= Joseph Kay (architect) =

English architect

Joseph Kay (1775–1847) was an English architect, particularly active in the early 19th century, and associated with the layout of central Greenwich and with Hastings. He was one of the original members of the Royal Institute of British Architects, and was elected a fellow in 1834.

==Early career==

Kay was a pupil of Samuel Pepys Cockerell, and studied European architecture during a trip (1802–1805) alongside Robert Smirke. In 1807, he married Sarah Henrietta Porden (1785–1859), the eldest daughter of architect William Porden; he was assistant to Porden during the building of the second Eaton Hall near Chester, Cheshire (1804–1812). One of his earliest work in his own right was interior design of the Assembly Rooms in Clifton, Bristol, c.1811.

==Professional practice==

In London, as surveyor to the Foundling Hospital, he designed houses on the east side of Mecklenburgh Square (1810–21), and, as clerk of works to Greenwich Hospital, he remodelled the town centre (creating Nelson Street, College Approach and the Market) in Greenwich (1829); the nearby Trafalgar Tavern (1837) is also his work. In Edinburgh he designed the Post Office in Waterloo Place. His masterpiece was Pelham Crescent with the Church of St Mary-in-the-Castle in the centre, in Hastings, Sussex (1824–1828), built for Thomas Pelham, 2nd Earl of Chichester; Colvin described it:
"The church is top-lit and has an Ionic prostyle portico, while beneath the terrace in front of the whole composition is an ingenious structure intended for shops and services."

Other buildings by Kay in Hastings also survive, including the Cupola, Minnis Rock and Belmont House.
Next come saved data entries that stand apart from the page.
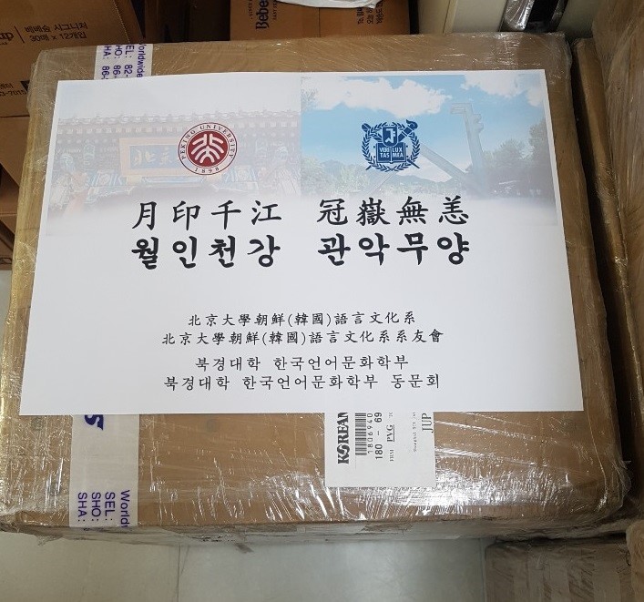 由于物流不畅、通关手续复杂,口罩迟迟难以抵达,双方的师生焦急万分,多次通过电话、邮件等方式就物资进度进行了沟通。在中韩双方的共同努力下,4月28日,在仁川海关停留35天的2.4万只口罩终于抵达韩国国立首尔大学。当天下午,我驻韩大使馆公使衔参赞方坤、公报官覃晓逵、韩国首尔科学综合大学院大学教授黄菲、首尔大学博士研究生张磊等几位在韩系友前往首尔大学参加了捐赠仪式。捐赠仪式上,首尔大学学生处处长郑效志教授受首尔大学吴世正校长委托向韩语系全体师生及系友赠送感谢牌,她表示:“感谢韩语系将这批宝贵的抗疫物资捐赠给首尔大学,为我们抗击疫情工作带来了莫大的支持。北京大学与首尔大学自1993年开展学术交流,2001年签署学生交换协议,一直以来双方开展了活跃的交流活动。我相信此次守望相助的捐赠活动可以成为两校发展的新契机,我也相信在中韩两国的共同努力下,双方一定能战胜疫情。”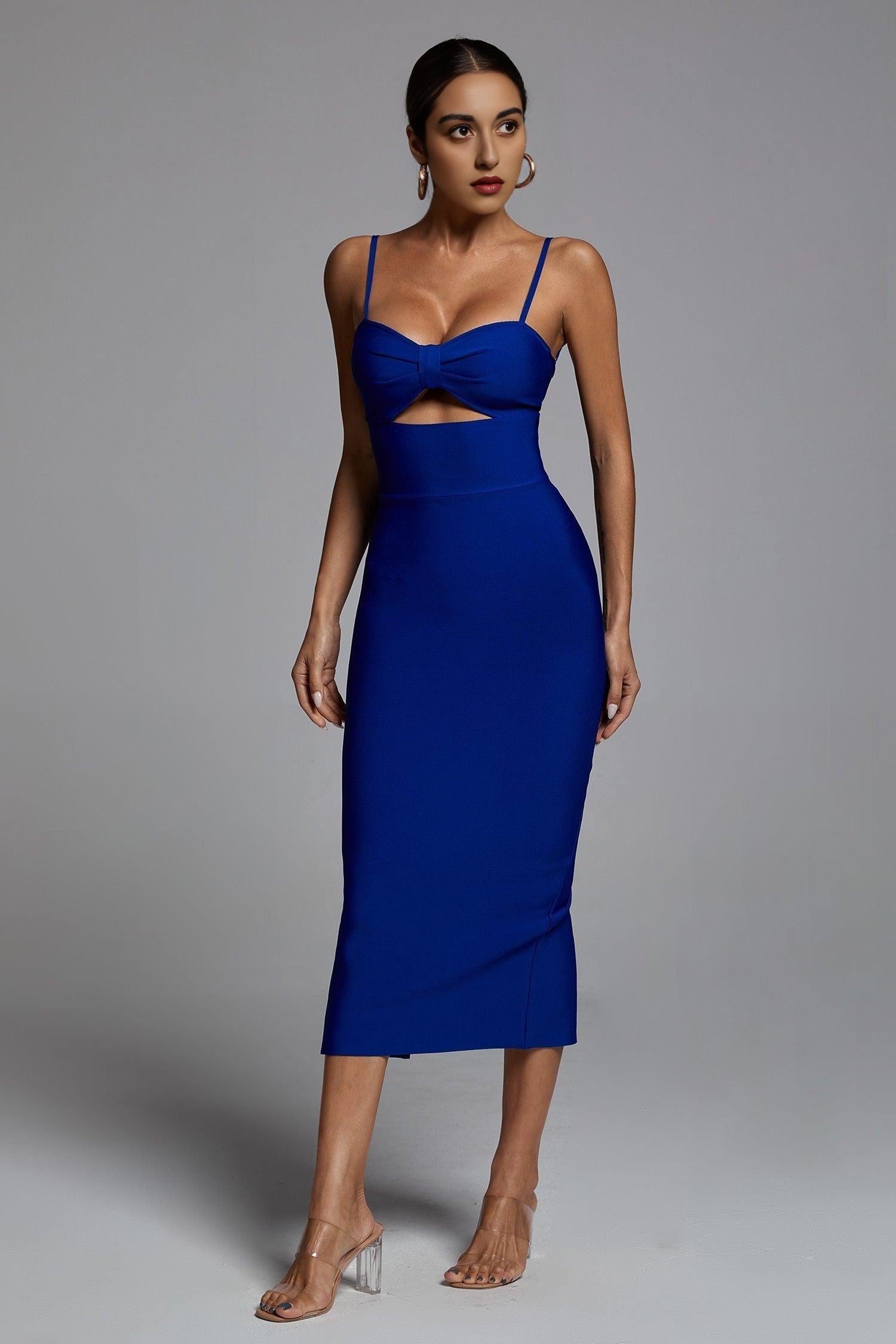 Introducing our stunning Hollow Bandage Dress in the elegant shade of Blue. This dress is a must-have for any fashion-forward woman looking to make a statement at special occasions or events. With its unique design and high-quality construction, it is perfect for those who want to stand out from the crowd.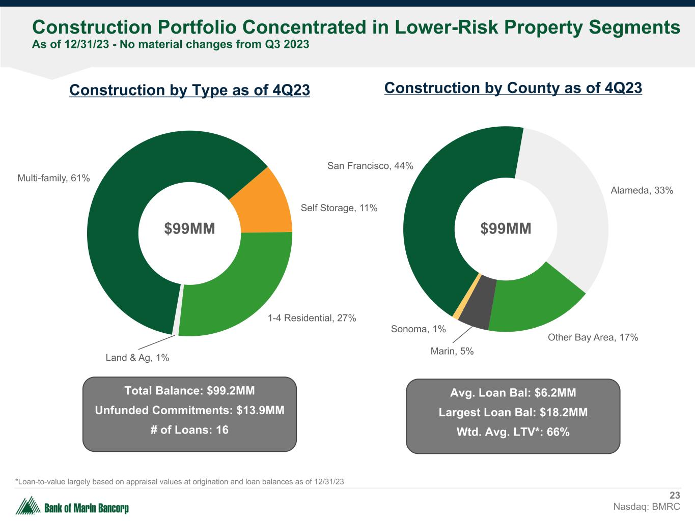 Owner-Occupied CRE Portfolio As of 12/31/23 - No material changes from Q3 2023 22 Nasdaq: BMRC Alameda, 15% Marin, 21% Napa, 17% Sacramento, 18% Sonoma, 10% Other, 19% OO CRE by Type as of 4Q23 OO CRE by County as of 4Q23 Office, 19% Industrial, 23% Retail, 7% School, 15% Wine, 11% Church, 6% Gas station/auto, 4% Heath club, 2% Mixed use, 3% Other, 10% Total Balance: $333.2MM # of Loans: 309 Avg. Loan Bal: $1.1MM Largest Loan Bal: $15.6MM Wtd. Avg. LTV*: 44% *Loan-to-value largely based on appraisal values at origination and loan balances as of 12/31/23 $333MM $333MM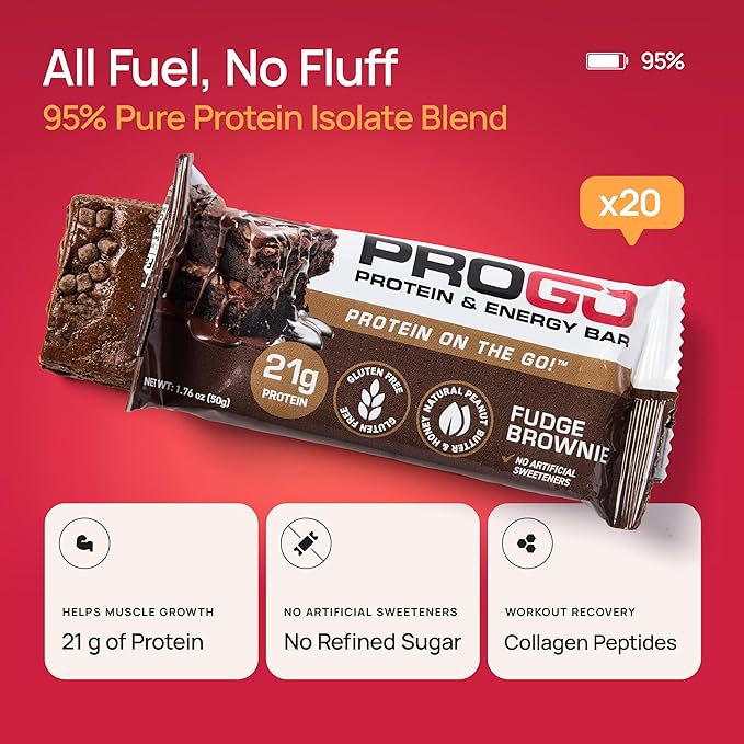 ProGo Protein Bars, Low Sugar, High Protein Snacks (21g) - 95% Pure Isolate for Faster Muscle Growth & Recovery, Low Calorie, Sweetened w/Peanut Butter & Honey (20-Count, Fudge Brownie)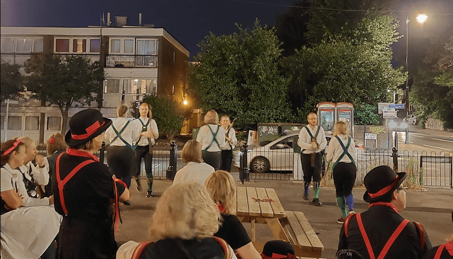 This year 13 Morris sides gathered for the event which was held at three venues in Addiscombe. This year’s venues were the Alma Tavern on the Lower Addiscombe Road, the Builders Arms in Leslie Park Road and the Oval Tavern in Oval Road.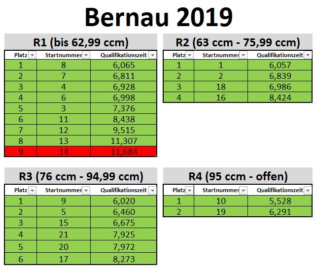 wie versprochen werde ich hier die Qualifikationszeiten der Sprintrennveranstaltungen, die mit der Startanlage von TRT (Tequila Racing Team) durchgeführt wurden, veröffentlichen. Aus Datenschutzgründen werden hier nur die jeweiligen Startnummern und die dazugehörigen Bestzeiten der Qualifikationsrunde gepostet.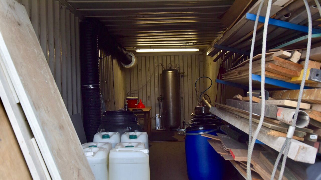 Specialisten van de politie ontdekten dat het lab klaar was om gebruikt te worden. In de zeecontainer stonden jerrycans met in totaal zo'n vierhonderd liter aan chemicaliën.

He was also responsible for laying out the Thornhill Estate in Barnsbury, Islington from 1813 onwards.

==Family==

Kay and his wife had at least eight children (two boys and six girls). Their eldest son, William Porden Kay (1809–1897) also became an architect, emigrating to Australia in 1842 to become a Director of Public Works, and designing Hobart's Government House. The second son, Joseph Henry Kay (1815-1875), became a naval officer and one of Australia's first geophysicists, a foundation member of the Royal Society of Tasmania and a fellow of the Royal Society (elected on 26 February 1846 for his work on geomagnetism).

Kay died at his residence, 6 Gower Street, Bedford Square, London on 7 December 1847, aged 72 and was buried at the Foundling Hospital Chapel, London.